§ **WHAT IS REQUIRED**: Please transcribe, word for word, only the lines from the one containing "blauwe Hollandse pannen gedekt zadelda" through the last line of the records below, both included, and leave out every picture.

[Dataset records]
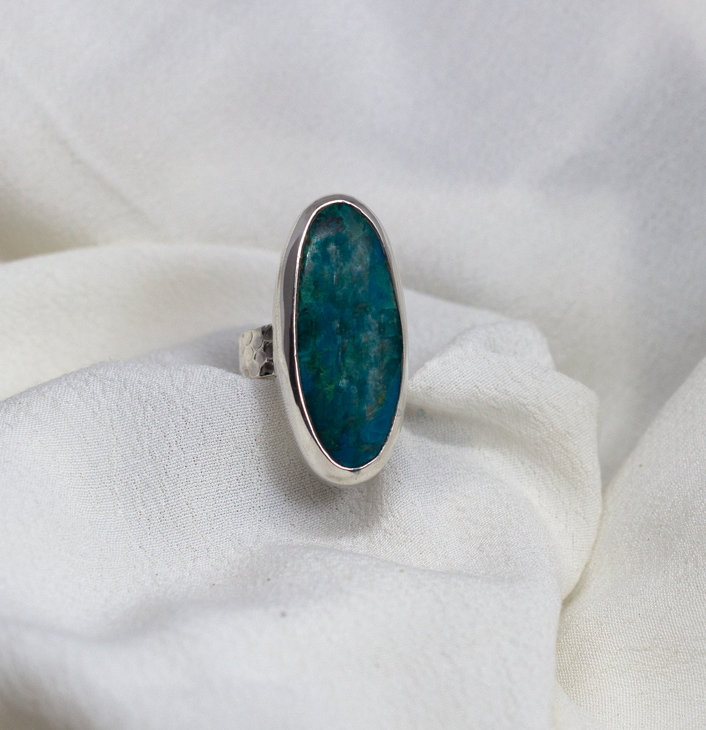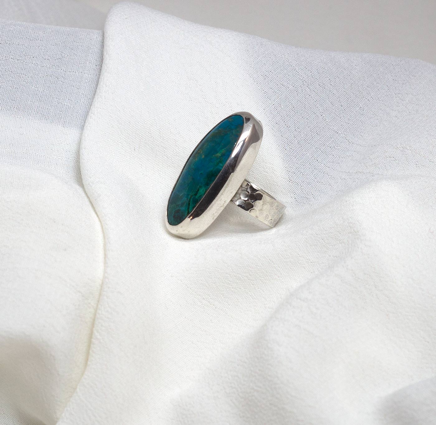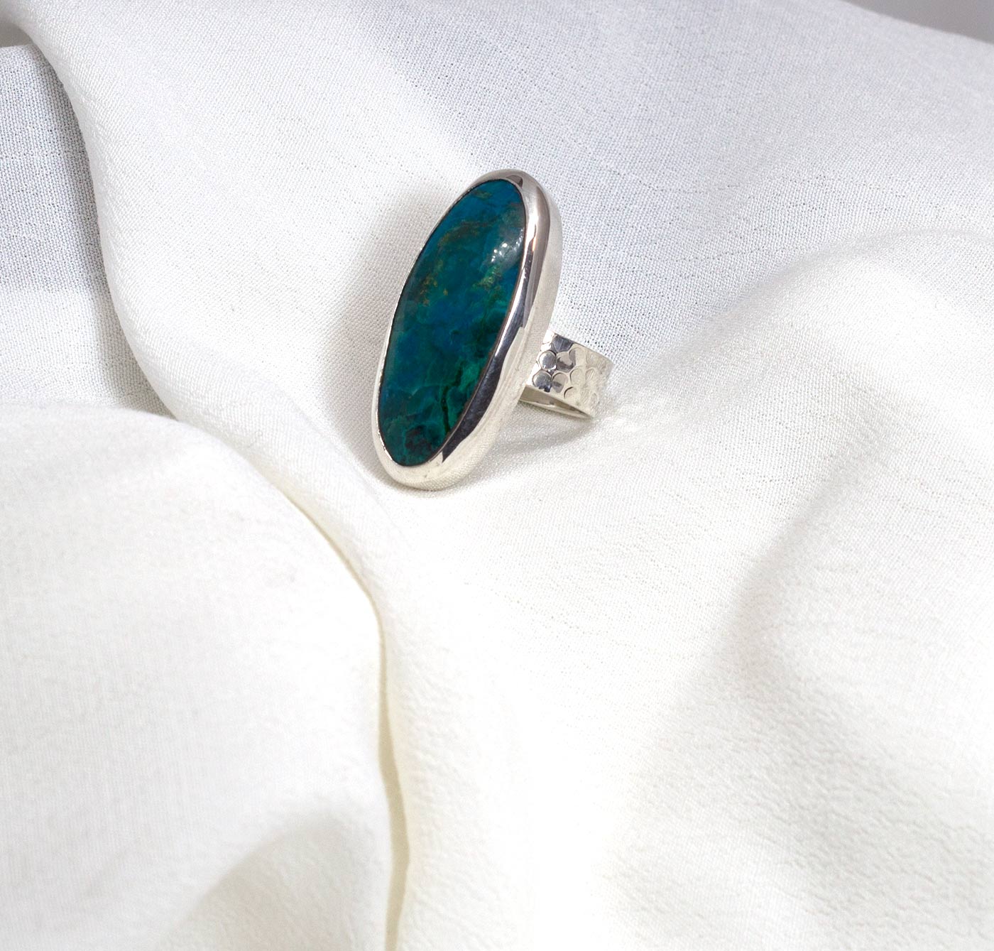 Anillo de crisocola con plata de ley 925. Estos anillos tienen un aro ancho de 6mm con una textura martelada. La piedra es una crisocola con preciosos tonos de verdes y azules. La crisocola se caracteriza por su vistosidad. Puede presentar tonalidades azules y verdes, debido a su alto contenido de cobre. Hay ocasiones en las que se encuentra cubierta por una fina capa de cuarzo e incluso entrelazada con éste. La piedra es ovalada y mide 3,3 cm por 1,4. Viene engarzada siguiendo la línea del dedo. Espiritualmente ayuda a enfriar las emociones ardientes y excitantes tan pronto como toca la piel. Alivia el estrés relacionado con el trabajo; el cristal Crisocola nos recuerda que debemos salir de la vida cotidiana y tomarnos un tiempo para flotar por el río turquesa del espíritu interior. Se conecta con el agua, y ayuda fuertemente a la rutina diaria de bienestar. Está elaborado de forma artesanal.
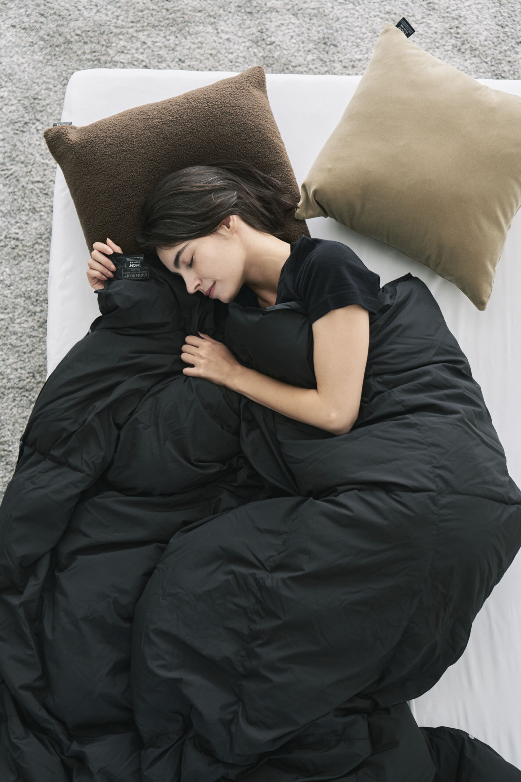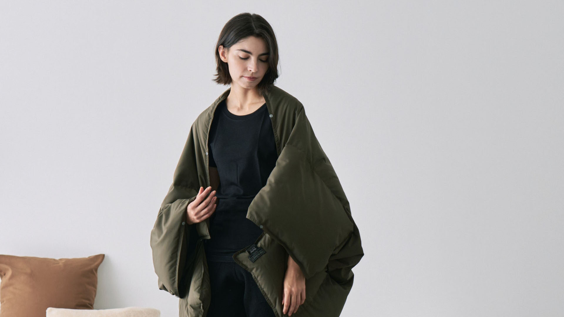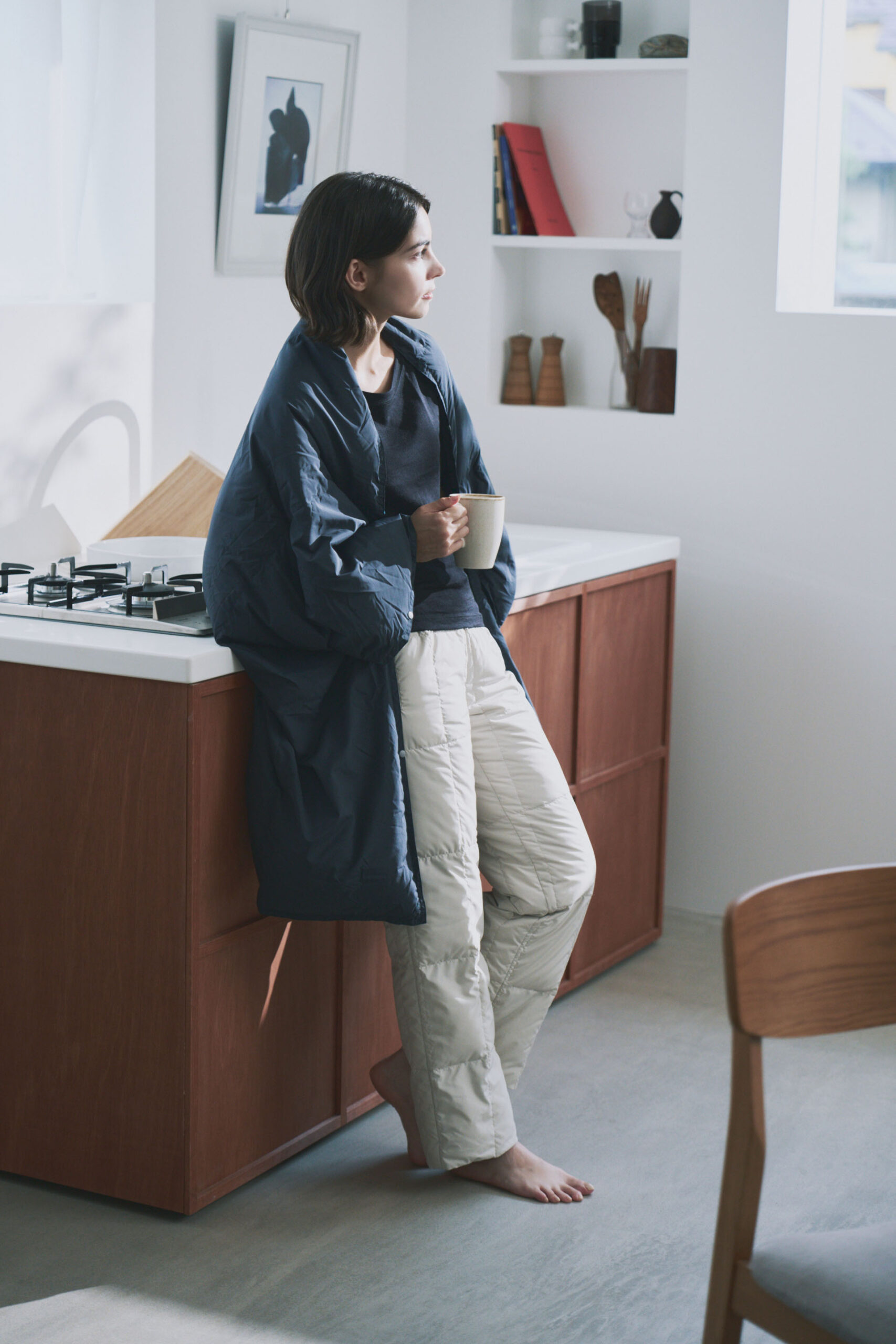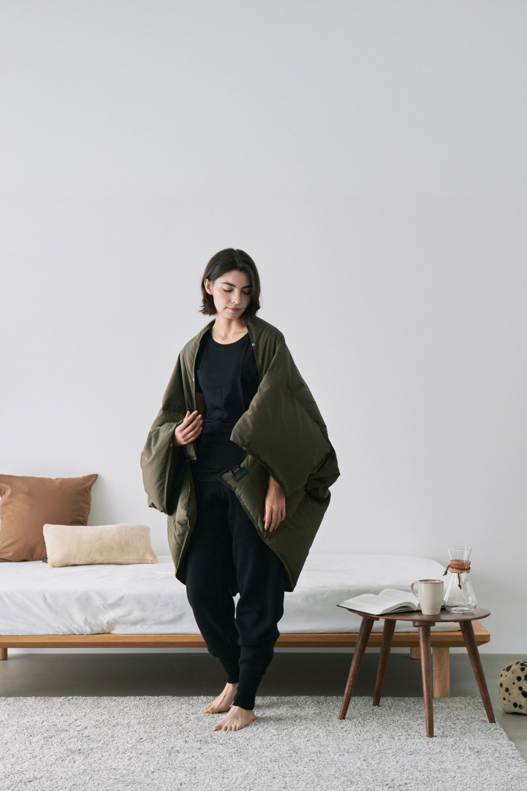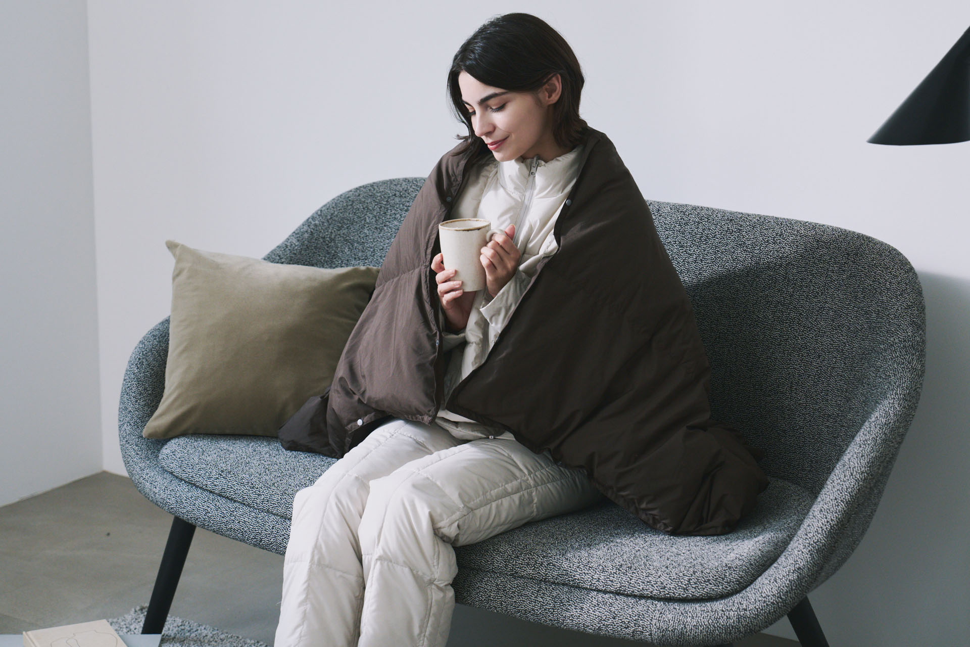 これまでの一般ダウンウェアとは異なり、“家の中で快適に過ごす”為の、機能とデザインを追求。掛け布団がクッションへと姿を変える、機能とアイデアの融合が実現しました。
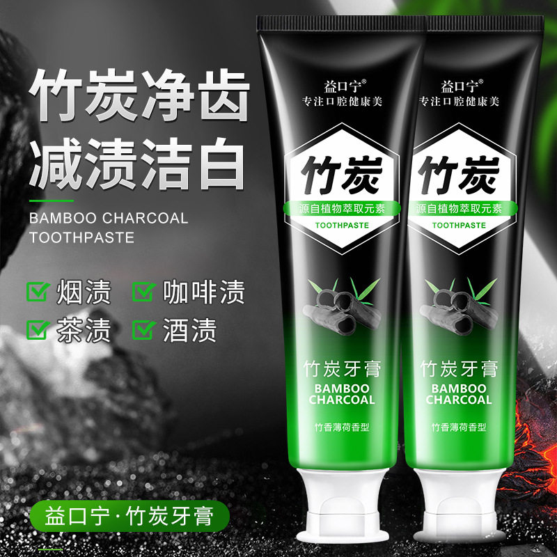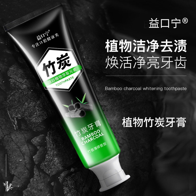 📚 网红直播益口宁竹炭牙膏洁白清新口气活性炭牙膏椰子壳黑炭120g
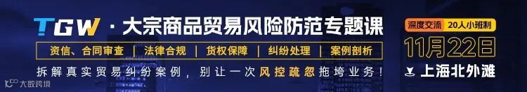 大宗商品企业风险管理研修班课程系列之一:贸易合规风险防范。内容含【资信、合同审查、法律合规、货权保障、纠纷处理、案例剖析】,11月22日上海,20个名额,招满即止。
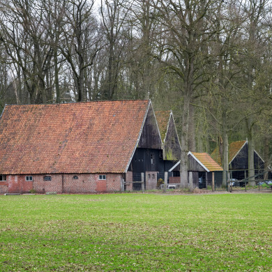 HOEVE "De Meesterkok", bestaande uit een in oorsprong vermoedelijk laat 16e-eeuwse vakwerkboerderij onder met rode Hollandse pannen gedekt zadeldak, een weefhuisje van vakwerk onder met rode Hollandse pannen gedekt zadeldak, een grote houten schuur onder met blauwe Hollandse pannen gedekt zadelda
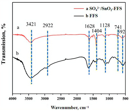 Fourier transform infrared spectroscopy (FT-IR) images of chemocatalyst SO42−/SnO2-FFS and FFS. FT-IR was conducted by using Nicolet IS50 (Thermo Scientific, Waltham, MA, USA) in the range of 4000–500 cm−1.
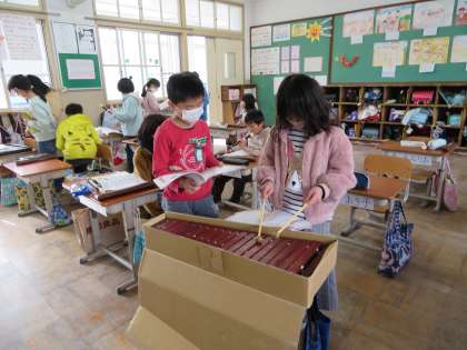 リコーダーの2つのパートと,鉄琴(木琴)のパートを練習しています。「鉄琴(木琴)は,楽譜を見ながら叩くのは難しいので,階名で歌えるようになることが大切。」と言って頑張っています。演奏会をしたいです。頑張って。
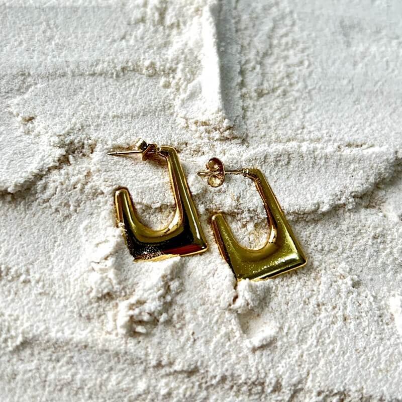Modern geometric gold hoops with sleek edges. Anti-tarnish finish for a lasting shine. ✨

§ **OUTPUT**:
 HOEVE "De Meesterkok", bestaande uit een in oorsprong vermoedelijk laat 16e-eeuwse vakwerkboerderij onder met rode Hollandse pannen gedekt zadeldak, een weefhuisje van vakwerk onder met rode Hollandse pannen gedekt zadeldak, een grote houten schuur onder met blauwe Hollandse pannen gedekt zadelda
 Fourier transform infrared spectroscopy (FT-IR) images of chemocatalyst SO42−/SnO2-FFS and FFS. FT-IR was conducted by using Nicolet IS50 (Thermo Scientific, Waltham, MA, USA) in the range of 4000–500 cm−1.
 リコーダーの2つのパートと,鉄琴(木琴)のパートを練習しています。「鉄琴(木琴)は,楽譜を見ながら叩くのは難しいので,階名で歌えるようになることが大切。」と言って頑張っています。演奏会をしたいです。頑張って。
Modern geometric gold hoops with sleek edges. Anti-tarnish finish for a lasting shine. ✨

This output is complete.